▸ What the task asks
With the pictures omitted, print exactly the lines below, from the one containing "BY11986# 小个子高腰不规则格子短裙女新品通勤显瘦a字休闲半身裙 服裝批發女裝批發服飾貨源" through the one containing "术后造影显示,主动脉支架定位", and nothing else.

Stored dataset items:
^^^^^^^^^^^^^^^^

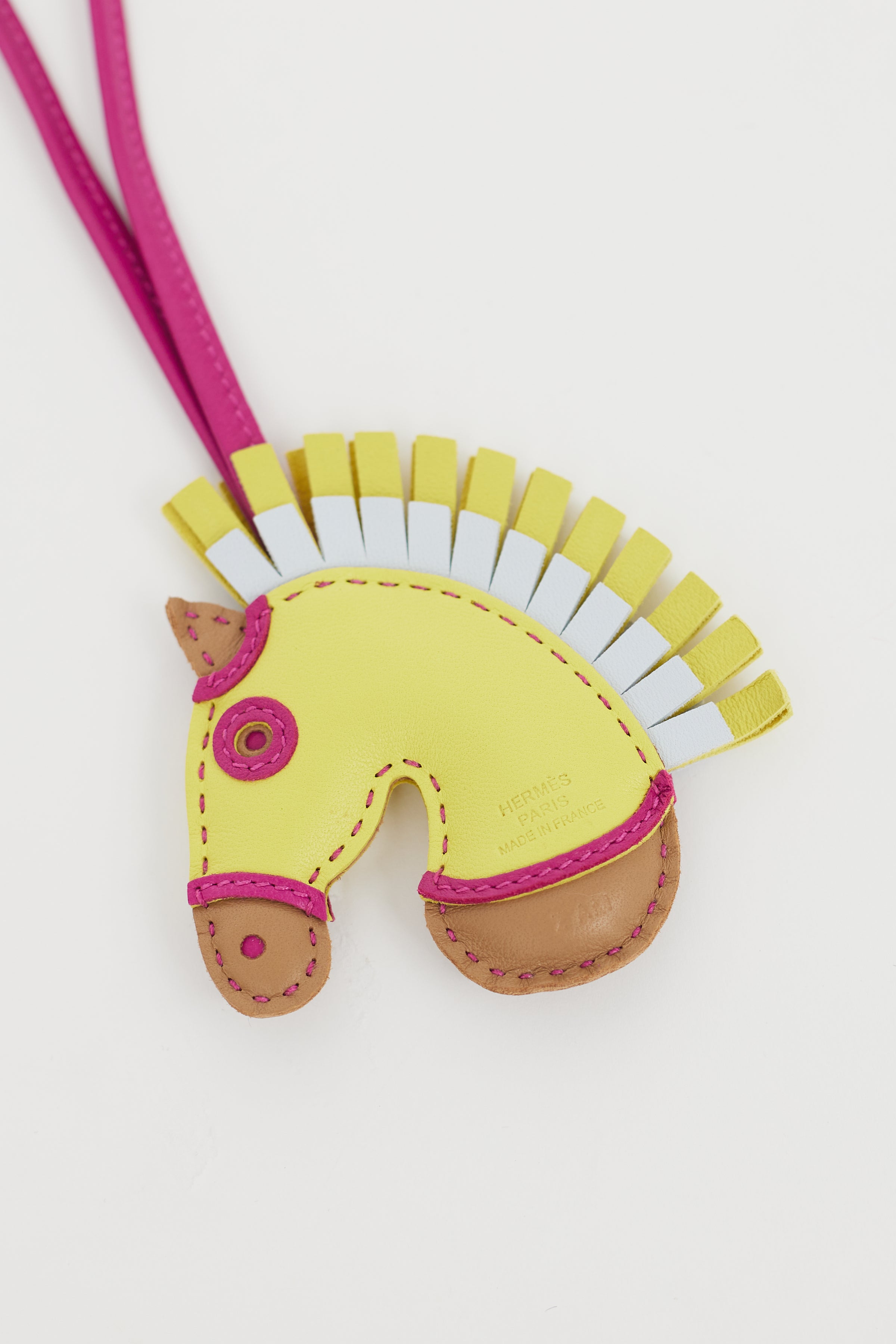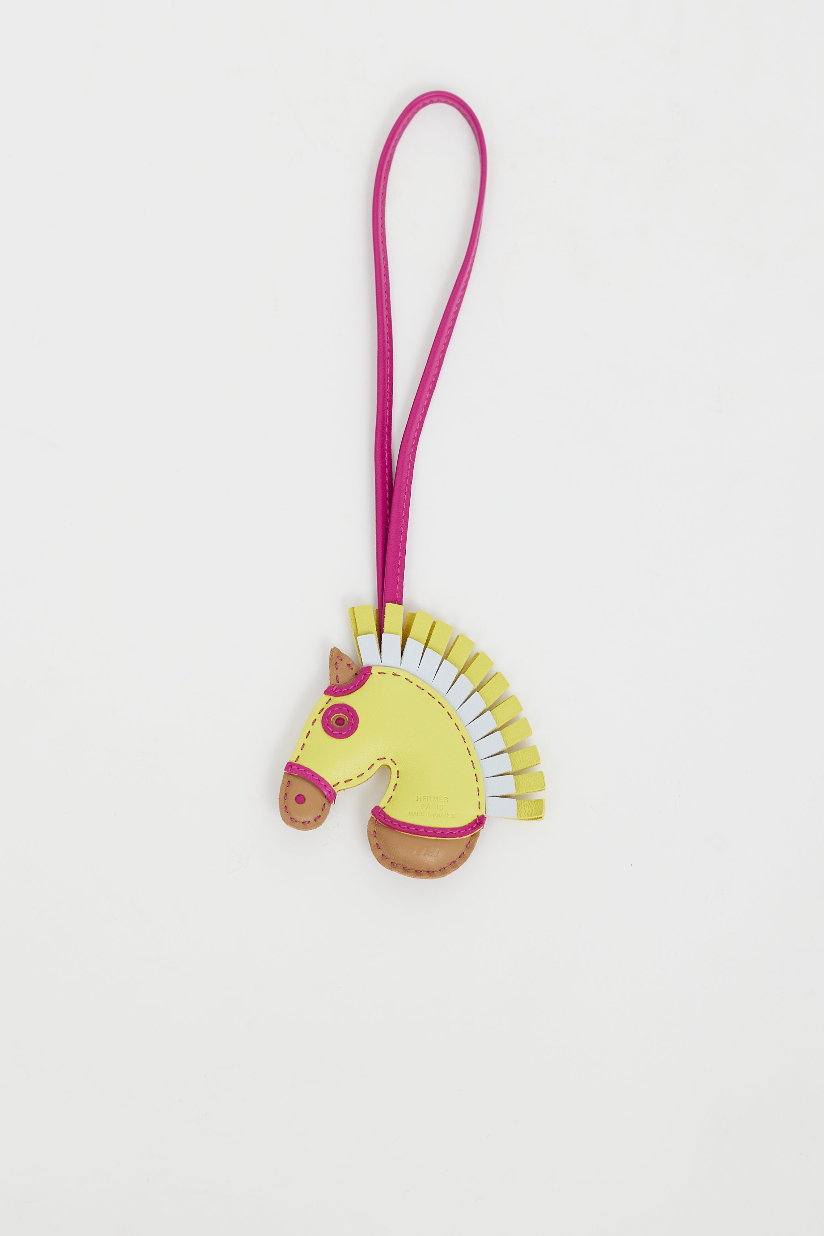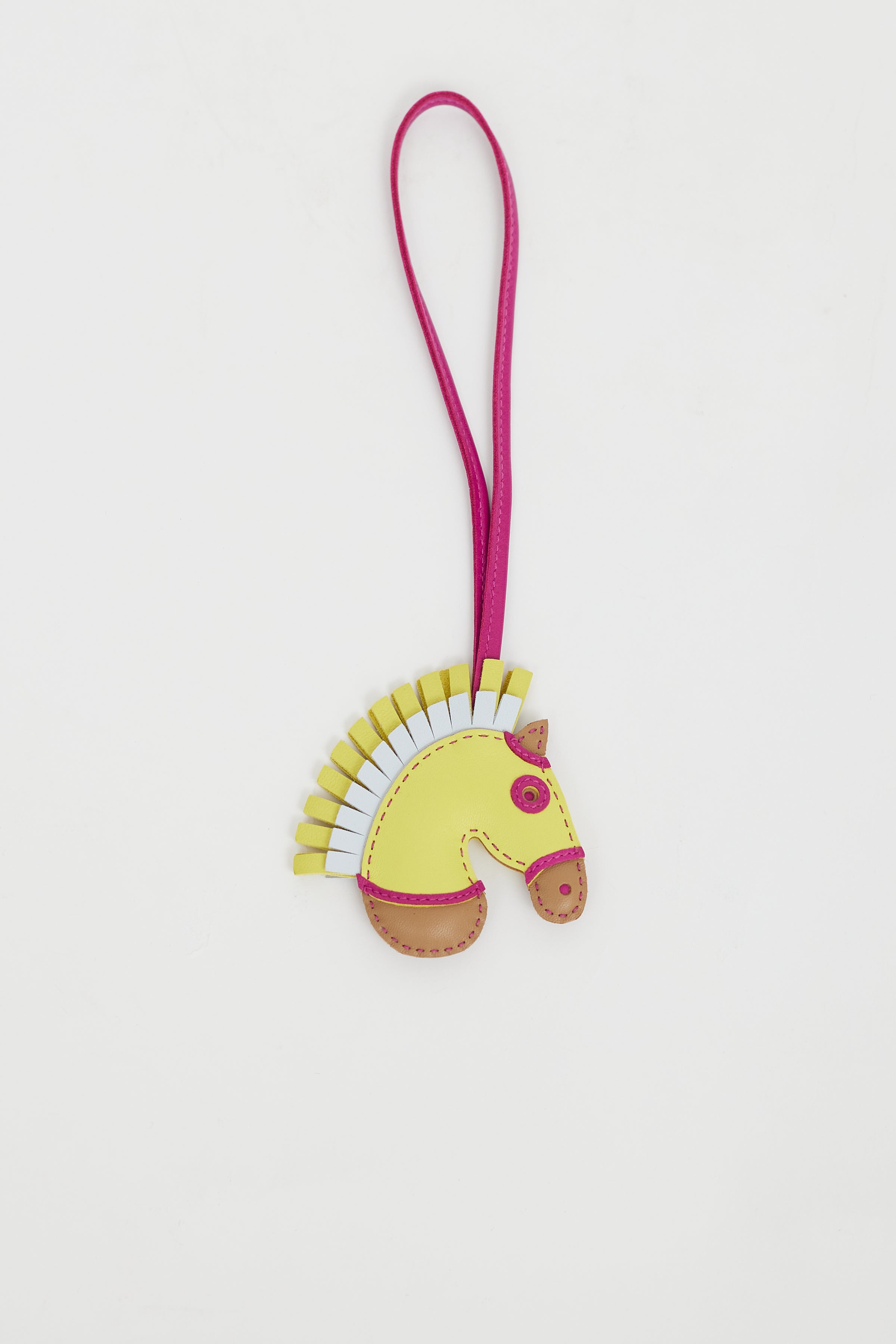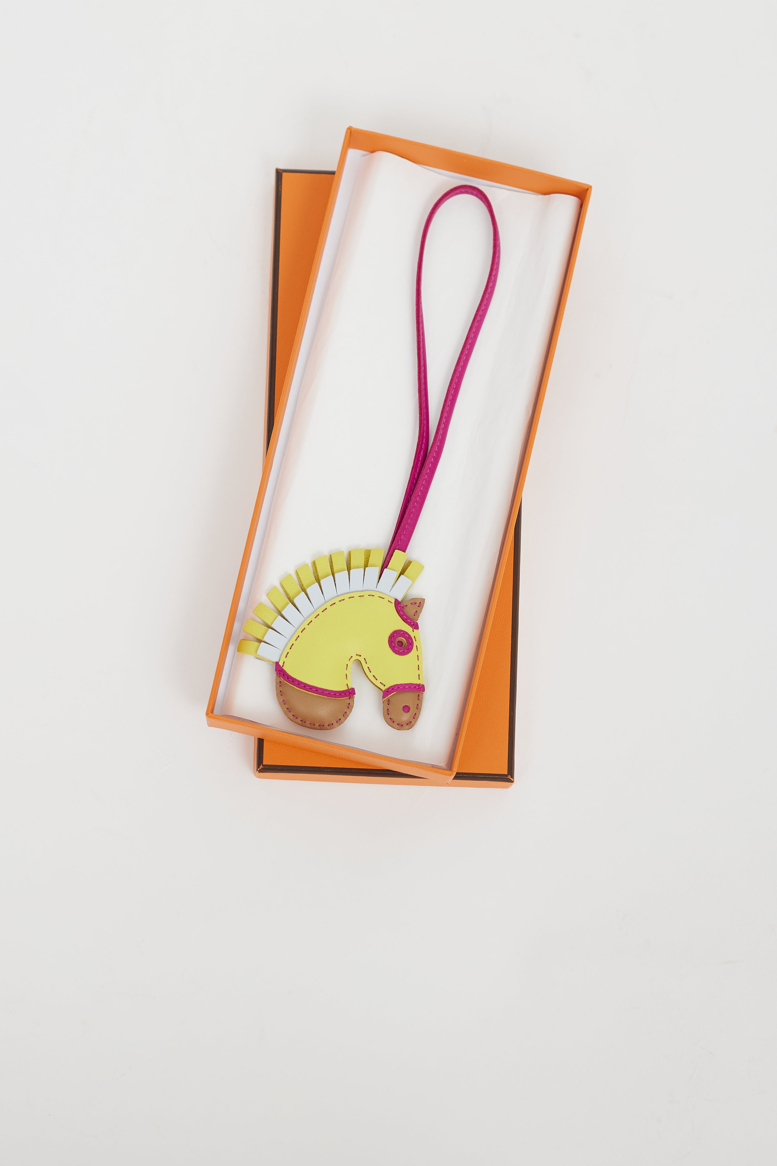 Pre-owned Hermès Lime and Kraft Milo Geegee Camail bag charm featuring milo lambkin leather material, contrast stitching, and yellow, purple, and brown throughout. Comes with original box.
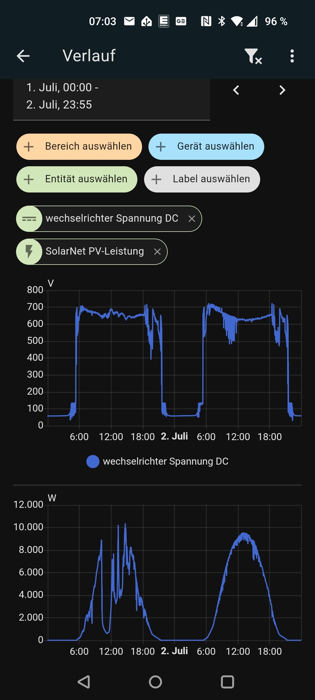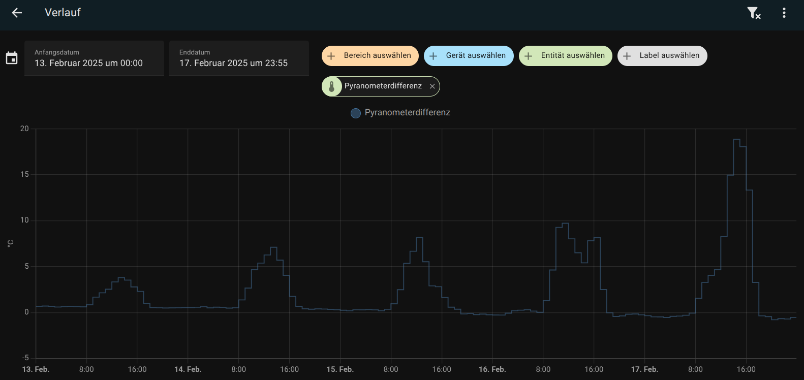 Werde dem ganzen jetzt erst mal ne testphase geben. Was man natürlich noch machen könnte, wäre den grenzwert in Abhängigkeit zur Außentemperatur höher oder niedriger ansetzen. also z.b. bei 25°C nimm exakt meinen eingestellten grenzwert. Für jedes grad höher beschatte schon bei z.b. 5% weniger. Also bei 30°C schon bei 25% Leistungsfaktor. Ob der durchschnitt von 5 minuten bereits ausreicht um ein unruhiges beschatten zu vermeiden, muss ich auch noch rausfinden.
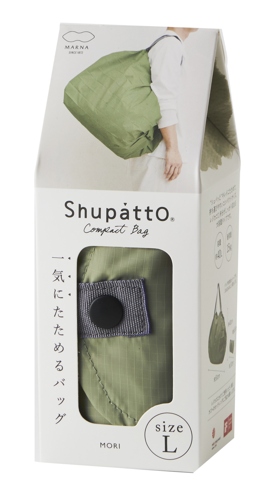 Compact Bag L - MORI - Faltbare Einkaufstasche One-Pull (patentiert) MORI (Forest), Khaki, Gröss L - gefaltet 10x6.5 cm , 40 l
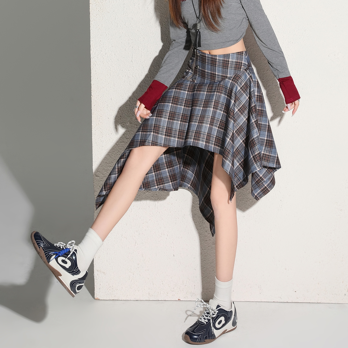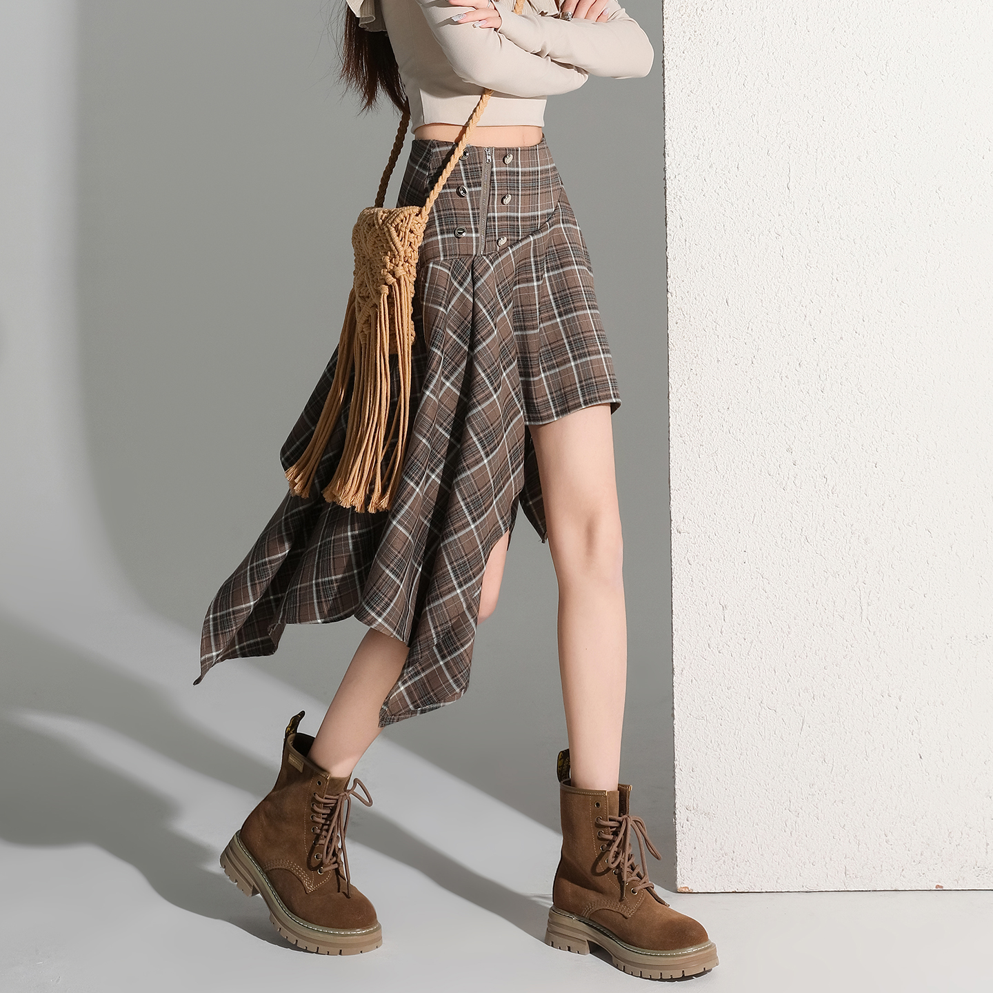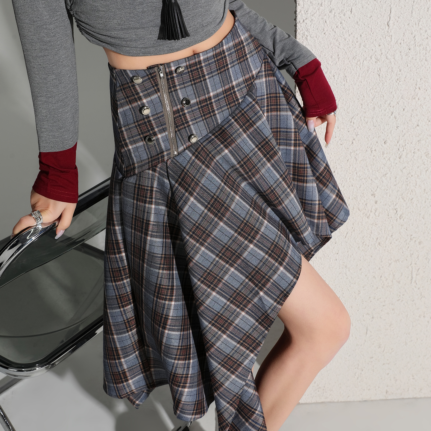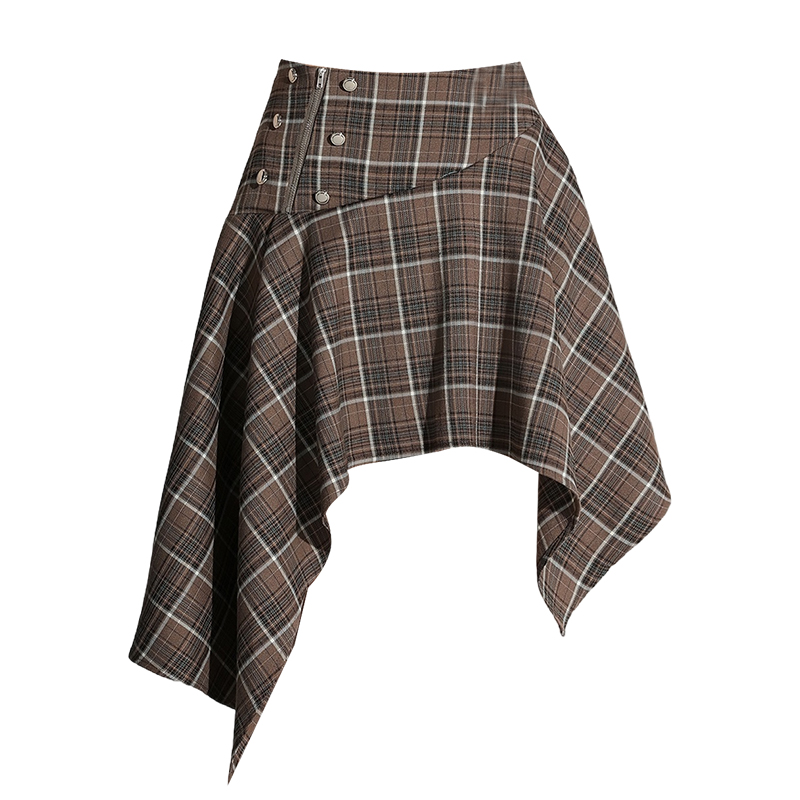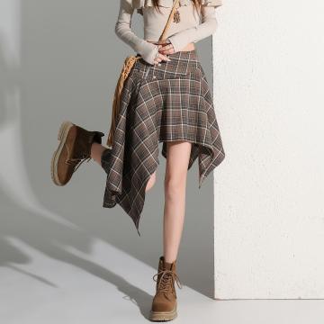 BY11986# 小个子高腰不规则格子短裙女新品通勤显瘦a字休闲半身裙 服裝批發女裝批發服飾貨源
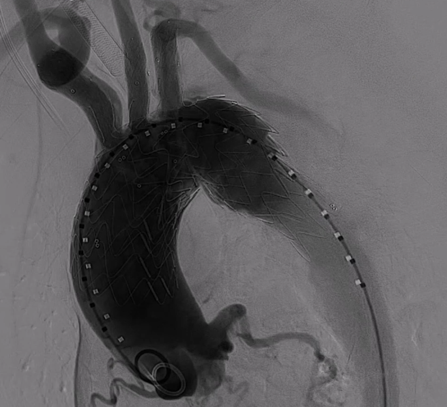术后造影显示,主动脉支架定位精准,三分支支架内血流通畅,夹层内仅有少量膜渗情况。从手术即刻效果来看,该治疗方案达到了预期目标,有效修复了主动脉夹层,恢复了血管的正常解剖结构和血流动力学状态。
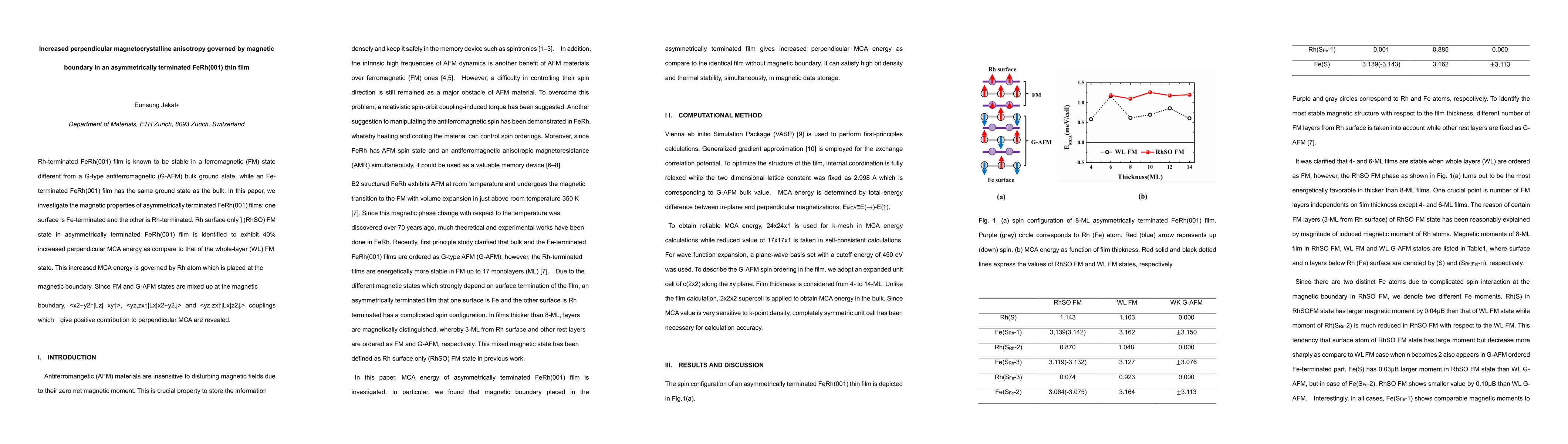 Rh-terminated FeRh(001) film is known to be stable in a ferromagnetic (FM) state different from a G-type antiferromagnetic (G-AFM) bulk ground state, while an Fe-terminated FeRh(001) film has the same ground state as the bulk. In this paper, we investigate the magnetic properties of asymmetrically terminated FeRh(001) films: one surface is Fe-terminated and the other is Rh-terminated. Rh surface only ] (RhSO) FM state in asymmetrically terminated FeRh(001) film is identified to exhibit 40% increased perpendicular MCA energy as compare to that of the whole-layer (WL) FM state. This increased MCA energy is governed by Rh atom which is placed at the magnetic boundary. Since FM and G-AFM states are mixed up at the magnetic boundary, spin-orbit couplings which give positive contribution to perpendicular MCA are revealed.

^^^^^^^^^^^^^^^^

▸ Exercise solution
 BY11986# 小个子高腰不规则格子短裙女新品通勤显瘦a字休闲半身裙 服裝批發女裝批發服飾貨源
术后造影显示,主动脉支架定位精准,三分支支架内血流通畅,夹层内仅有少量膜渗情况。从手术即刻效果来看,该治疗方案达到了预期目标,有效修复了主动脉夹层,恢复了血管的正常解剖结构和血流动力学状态。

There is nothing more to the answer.